DATA BLOCK ->
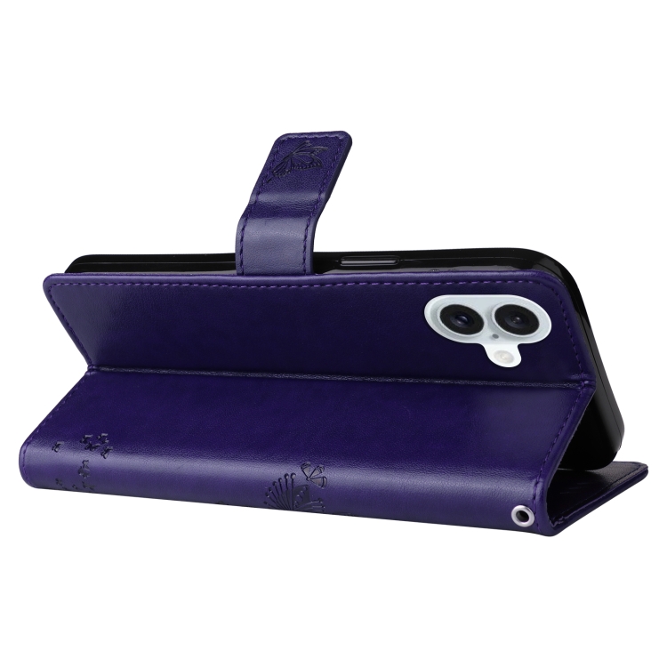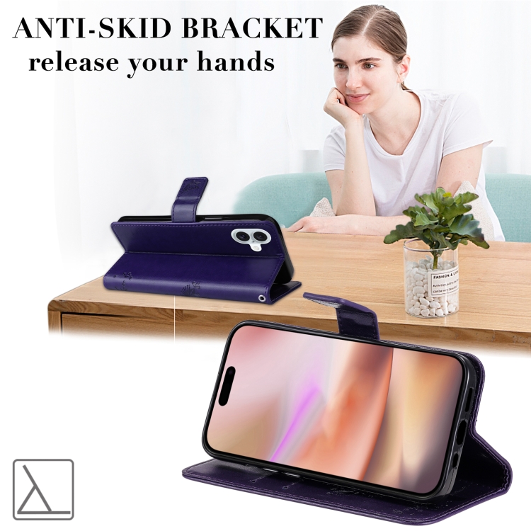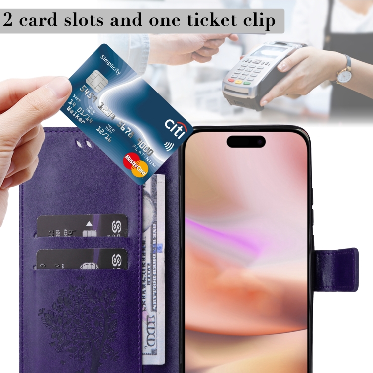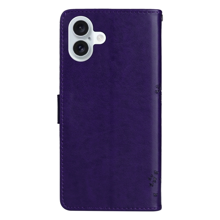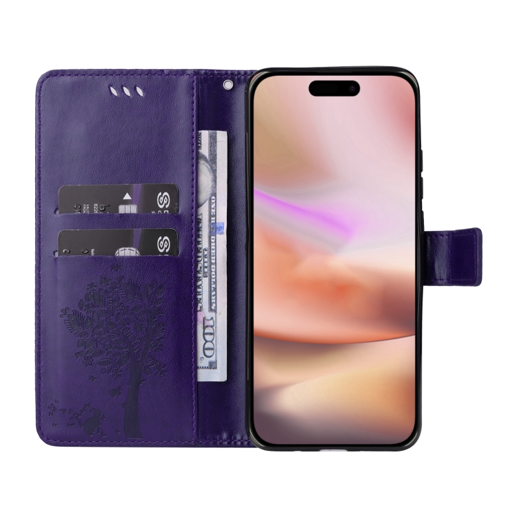 Funda para Teléfono iPhone 16 Plus Cuero con Tapa Patrón En Relieve Árbol y Gato (Púrpura)
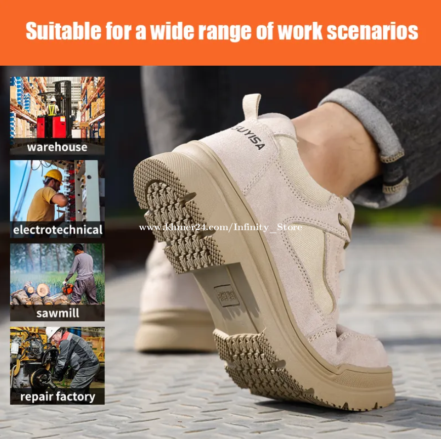 ហាងរបស់យើងខ្ញុំមានលក់ស្បែកជើងសុវត្ថិភាពសុទ្ធ 100% ដែលជាប្រភេទក្បាលដែកនិងបាតដែក (ប្រើប្រាស់បន្ទះ Kevlar) ដែលអាចជួយការពារជើងរបស់អ្នកពីគ្រោះថ្នាក់ផ្សេងៗដូចជាការធ្លាក់របស់ធ្ងន់ពីលើ ការពាររអិលពីប្រេងរឺទឹក ការពារឆក់ខ្សែភ្លើង និងការពារពីការមុតផ្សេងៗដូចជាដែកគោលនិងអំបែងកញ្ចក់។ ទំនាក់ទំនងជាវដុំនិងរាយតាមខាងក្រោម: 📞 089555xxxClick To Call ☎️ Telegram: t.me/sokun_ros 📲 Facebook: https://www.facebook.com/modernsafetybootstore
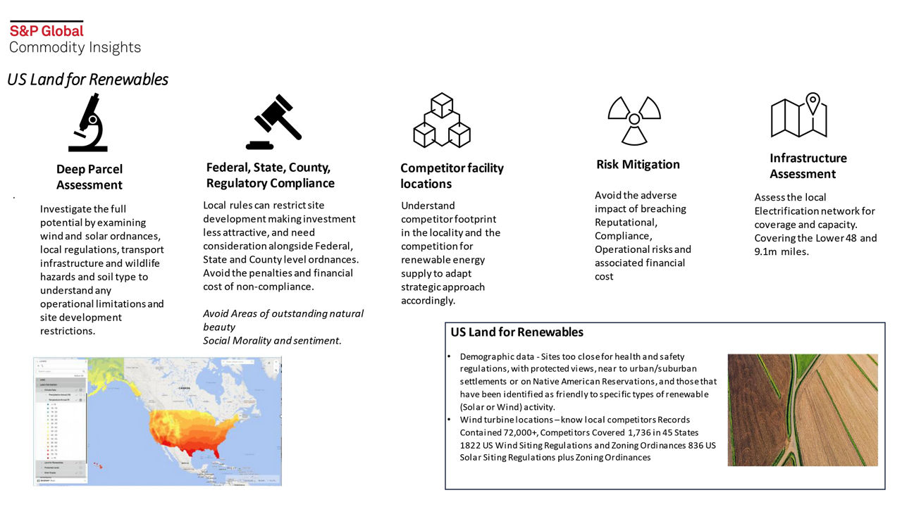 The S&P Global Land for Renewables solution empowers organizations to streamline their land purchase decisions for renewable energy projects by providing a comprehensive, map-based data source that integrates environmental, physical, and demographic insights. With the innovative Land Studio 2.0 interface, users can efficiently identify optimal land characteristics, gain a competitive edge in project planning, and minimize risks associated with land siting. This innovative tool not only accelerates decision-making but also aligns with sustainability goals, supporting the transition to a greener future.
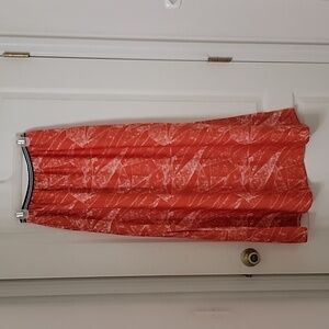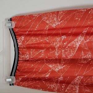 Trouve Size S Orange White Maxi Skirt, High Side Slits, Contrast Waistband. Excellent, Like New Condition. Black white stripe elastic waistband, Orange and White "Marbled" look pattern. Unlined. 100% Polyester. Looks great with heels, sandals or sneakers! Please refer to measurements in photos to ensure proper fit.

EXERCISE DIRECTIONS -> No pictures belong in the copy. Repeat the listing above exactly.

RESULT BELOW ->
 Funda para Teléfono iPhone 16 Plus Cuero con Tapa Patrón En Relieve Árbol y Gato (Púrpura)
 ហាងរបស់យើងខ្ញុំមានលក់ស្បែកជើងសុវត្ថិភាពសុទ្ធ 100% ដែលជាប្រភេទក្បាលដែកនិងបាតដែក (ប្រើប្រាស់បន្ទះ Kevlar) ដែលអាចជួយការពារជើងរបស់អ្នកពីគ្រោះថ្នាក់ផ្សេងៗដូចជាការធ្លាក់របស់ធ្ងន់ពីលើ ការពាររអិលពីប្រេងរឺទឹក ការពារឆក់ខ្សែភ្លើង និងការពារពីការមុតផ្សេងៗដូចជាដែកគោលនិងអំបែងកញ្ចក់។ ទំនាក់ទំនងជាវដុំនិងរាយតាមខាងក្រោម: 📞 089555xxxClick To Call ☎️ Telegram: t.me/sokun_ros 📲 Facebook: https://www.facebook.com/modernsafetybootstore
 The S&P Global Land for Renewables solution empowers organizations to streamline their land purchase decisions for renewable energy projects by providing a comprehensive, map-based data source that integrates environmental, physical, and demographic insights. With the innovative Land Studio 2.0 interface, users can efficiently identify optimal land characteristics, gain a competitive edge in project planning, and minimize risks associated with land siting. This innovative tool not only accelerates decision-making but also aligns with sustainability goals, supporting the transition to a greener future.
 Trouve Size S Orange White Maxi Skirt, High Side Slits, Contrast Waistband. Excellent, Like New Condition. Black white stripe elastic waistband, Orange and White "Marbled" look pattern. Unlined. 100% Polyester. Looks great with heels, sandals or sneakers! Please refer to measurements in photos to ensure proper fit.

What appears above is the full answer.